On-Prem DC/OS Installation with GPUs

Install the NVIDIA® Management Library (NVML) on each node of your cluster that has GPUs. The minimum required NVIDIA driver version is 340.29. For detailed installation instructions, see the Apache® Mesos® GPU support documentation.
Install DC/OS using the custom advanced installation instructions. Here are the GPU-specific configuration parameters:
- enable_gpu_isolation: Indicates whether to enable GPU support in DC/OS. By default, this is set to enable_gpu_isolation: 'true'.
- gpus_are_scarce: Indicates whether to treat GPUs as a scarce resource in the cluster. By default, this is set to gpus_are_scarce: 'true', which means DC/OS reserves GPU nodes exclusively for services that are configured to consume GPU resources. It is important to note that this setting will influence which agent nodes of a GPU-aware framework will be deployed on DC/OS. This setting does not influence the individual tasks which the frameworks might launch while the framework is running. It is possible for a framework to schedule a non-GPU task on an agent node where GPU’s are present.
- marathon_gpu_scheduling_behavior: Indicates whether Marathon will schedule non-GPU tasks on nodes with an available GPU. Default is restricted.
- metronome_gpu_scheduling_behavior: Indicates whether Metronome will schedule non-GPU tasks on nodes with an available GPU. Default is restricted.
For more information, see the configuration parameter documentation and Mesos Nvidia GPU Support documentation.

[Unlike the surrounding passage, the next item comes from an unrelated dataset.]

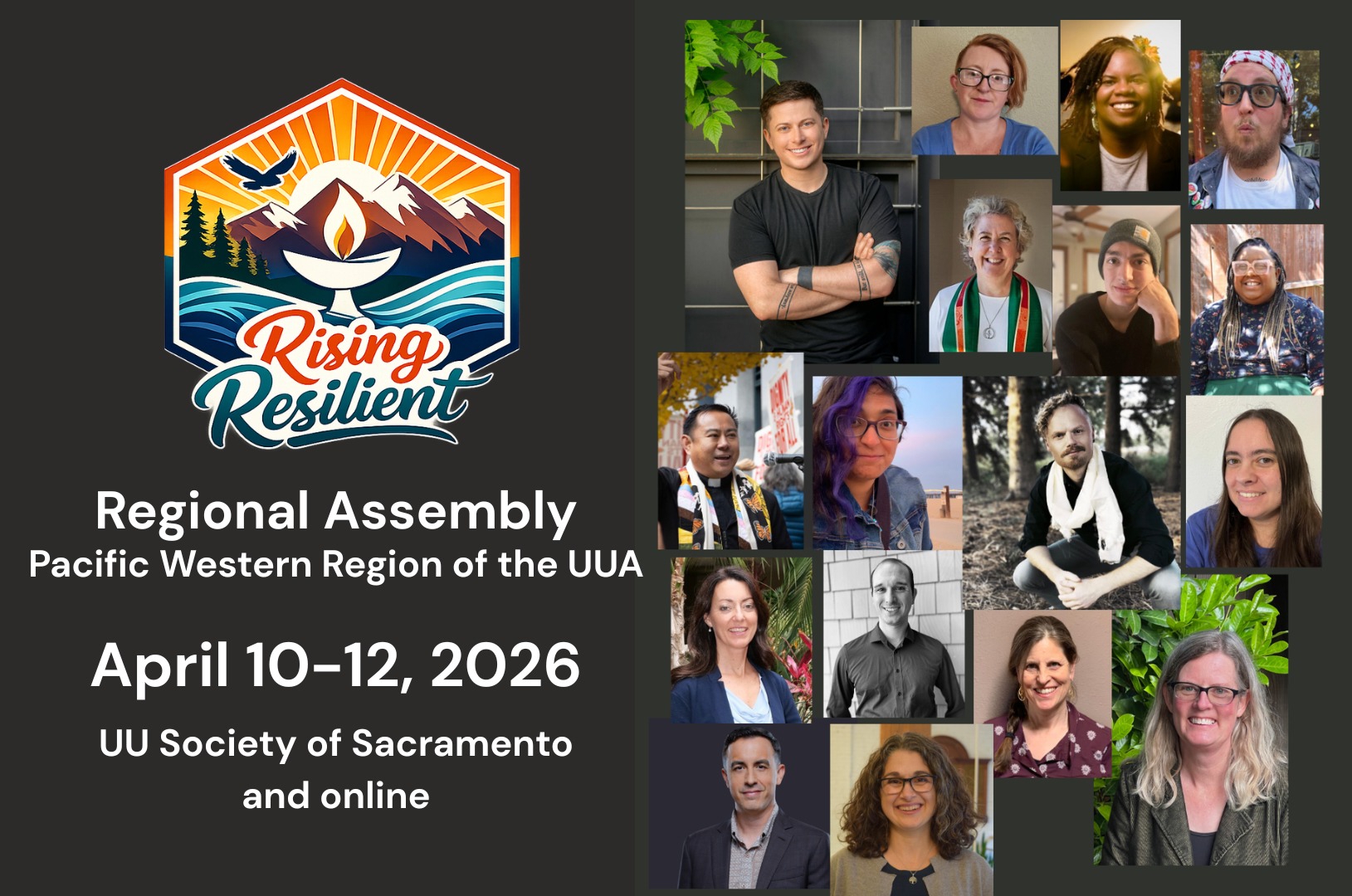 This month of April, our Regional Assembly is taking place. On April 10th, the Unitarian Universalist Society of Sacramento is opening its doors online and in-person to welcome UUs from all over the Pacific Western Region. Our coming together as a region alone is worth celebrating, but I also believe that our gathering is an affirmation of love, resilience, and community as an antidote to our challenging times.

AWS EC2® DC/OS Installation with GPUs

Prerequisites

Review the prerequisites of the DC/OS Universal Installer.
Review the prerequisites of your cloud provider, such as AWS, Azure, or GCP.

Customize your main.tf

In the main.tf file you are using to deploy DC/OS, ensure at least one agent is being deployed with one or more GPUs. Also ensure the agent meets all other agent node requirements.

For example, on AWS you can set private_agents_instance_type to any GPU-enabled instance type that is available in your region:

private_agents_instance_type = "p2.xlarge"

Then proceed with the installation as normal. The DC/OS Universal Installer will detect if NVIDIA GPUs are present on an agent and install the required software automatically.

Using GPUs in Your Apps

You can specify GPUs in your application definitions with the gpus parameter.

You can only specify whole numbers of GPUs in your application definition. If a fractional amount is selected, launching the task will result in a TASK_ERROR.
NVIDIA GPU support is only available for tasks launched using the DC/OS Universal Container Runtime. Docker is not supported.

Examples

Simple GPU Application Definition

In this example, a simple sleep app is defined which uses GPUs.

Create an an app definition named simple-gpu-test.json.

{
     "id": "simple-gpu-test",
     "acceptedResourceRoles":["slave_public", "*"],
     "cmd": "while [ true ] ; do nvidia-smi; sleep 5; done",
     "cpus": 1,
     "mem": 128,
     "disk": 0,
     "gpus": 1,
     "instances": 1
}

Launch your app using the DC/OS CLI:

dcos marathon app add simple-gpu-test.json

After your service has deployed, check the contents of stdout to verify that the service is producing the proper output from the nvidia-smi command. You should see something like the following, repeated once every 5 seconds. Access the log via the DC/OS CLI or from the Health page for your service on the DC/OS dashboard.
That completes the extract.